Personal information
- Full name: Alberto Ginés López
- Born: 23 October 2002 (age 23) Cáceres, Cáceres, Spain
- Occupation: Professional rock climber
- Height: 169 cm (5 ft 7 in)
- Weight: 58 kg (128 lb)

Climbing career
- Type of climber: Competition climbing
- Known for: Winning the first Olympic gold in Sport climbing Combined, Men's Division, in Tokyo, 2021

Medal record
Men's competition climbing
Representing Spain
Olympic Games
| Gold medal – first place | 2020 Tokyo | Combined |
World Cup
| Winner | 2025 | Lead |
| Second place | 2019 | Lead |
European Championships
| Gold medal – first place | 2026 Laval | Lead |
| Silver medal – second place | 2019 Edinburgh | Lead |
| Bronze medal – third place | 2022 Munich | Lead |
| Bronze medal – third place | 2022 Munich | Combined |

= Alberto Ginés =

Spanish climber (born 2002)

Alberto Ginés López (born 23 October 2002) is a Spanish professional rock climber, specializing in competition lead climbing and competition bouldering. He won gold at the first Olympic sport climbing event at the 2020 Summer Olympics in Tokyo in August 2021. He placed second in the 2019 Lead Climbing World Cup and won a silver medal at the 2019 Lead Climbing European Championship.

== Biography ==
Ginés started climbing with his parents when he was very young. In 2013, Ginés, who was 10 years old at the time, met professional climbing coach David Macià in Rodellar, after his father introduced the child to him. Macià was surprised by the attitude with which Ginés climbed the sport climbing route, El Delfín , and became his coach.

In 2016, after the announcement that competition climbing would become an Olympic sport at 2020 Summer Olympics in Tokyo, he moved from Cáceres to Barcelona to train, with the goal of qualifying for the international event.

In August 2017, Ginés took a silver medal at the Lead Climbing Youth World Championships, in the category Youth B. A month later, he won the Lead Climbing European Youth Championship in the same category. In May 2018, Ginés won the Lead Climbing European Youth Championship, in the category Youth A. In August 2019, he took bronze medals at the Lead Climbing and Combined Climbing Youth World Championships, in the category Youth A. A month later, Ginés also won a bronze at the Lead Climbing European Youth Championships, in the same category.

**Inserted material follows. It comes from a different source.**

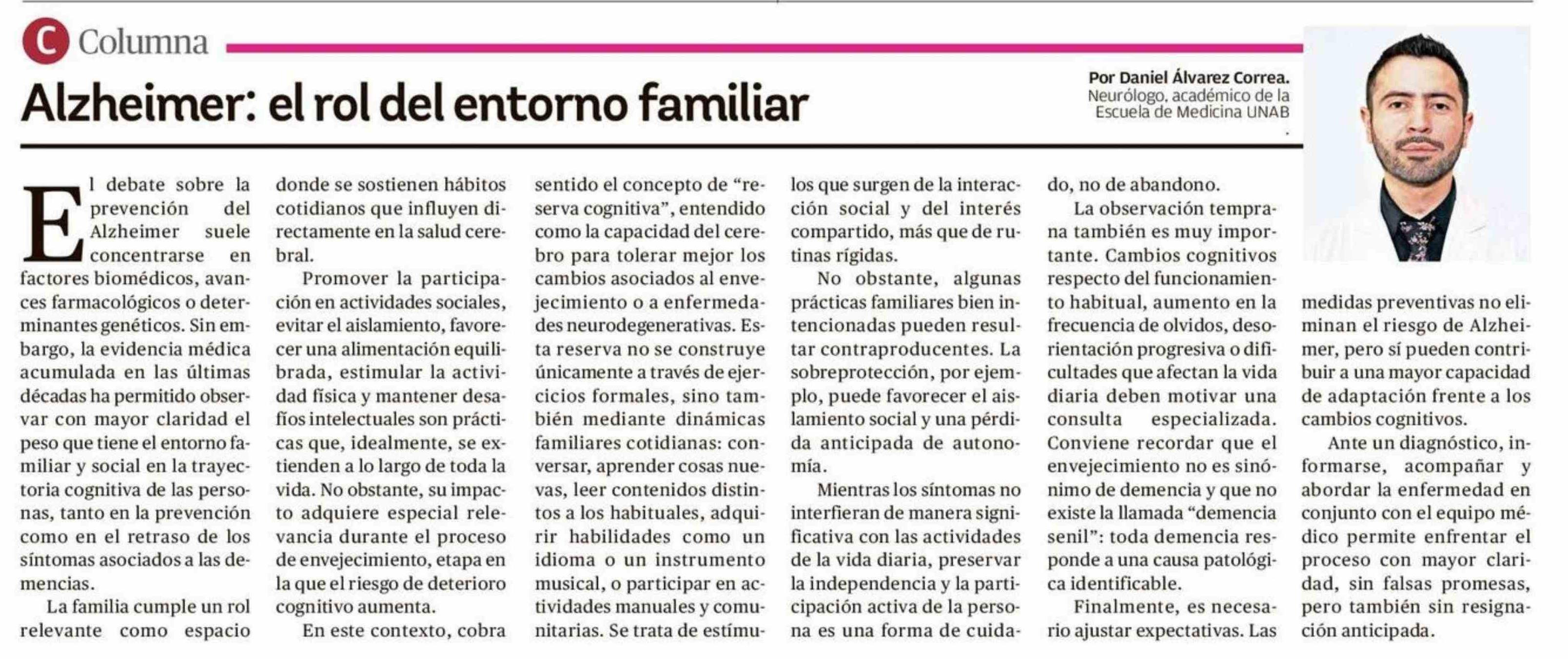 Título: Columnas de Opinión: Alzheimer: el rol del entorno familiar

On 6 October 2019, Ginés won a silver medal at the Lead Climbing European Championships. Later that month, he finished second in the Lead Climbing World Cup, winning medals in two of its six events: a bronze in Kranj and a silver in the last event, held in Inzai. In November, Ginés qualified to compete at the 2020 Summer Olympics in Tokyo. He won gold in the men's combined event at the 2020 Summer Olympics.

== Rankings ==

=== Climbing World Cup ===

| Discipline | 2019 | 2025 |
|---|---|---|
| Lead | 2 | 1 |

=== World Championships===

| Discipline | Hachioji 2019 | Bern 2023 | Seoul 2025 |
|---|---|---|---|
| Lead | 31 | 24 | 4 |
| Boulder | 31 | 30 | - |
| Combined | 36 | 29 | - |

=== Climbing European Championships ===

| Discipline | 2019 | 2022 | 2026 |
|---|---|---|---|
| Lead | 2 | 3 | 1 |

==Number of medals in the Climbing European Youth Cup==
===Lead ===

| Season | Category | Gold | Silver | Bronze | Total |
|---|---|---|---|---|---|
| 2017 | Youth B | 2 | 1 | 1 | 4 |
| 2018 | Youth A | 1 |  | 1 | 2 |
| 2019 | Youth A | 2 |  | 1 | 3 |
| Total |  | 5 | 1 | 3 | 9 |

===Bouldering ===

| Season | Category | Gold | Silver | Bronze | Total |
|---|---|---|---|---|---|
| 2017 | Youth B | 2 |  |  | 2 |
| 2018 | Youth A | 1 | 1 |  | 2 |
| 2019 | Youth A | 1 | 1 |  | 2 |
| Total |  | 4 | 2 | 0 | 6 |

==Number of medals in the Climbing World Cup==
===Lead ===

| Season | Gold | Silver | Bronze | Total |
|---|---|---|---|---|
| 2019 |  | 1 | 1 | 2 |
| 2023 |  |  | 1 | 1 |
| 2025 |  | 3 | 3 | 6 |
| 2026 | 1 | 2 |  | 3 |
| Total | 1 | 6 | 5 | 12 |

== Notable ascents ==

=== Redpointed routes ===

- El Bon Combat – Cova de L'Ocell (ESP) – February 2026 – First ascent by Chris Sharma. Graded 9a+ by Ginés.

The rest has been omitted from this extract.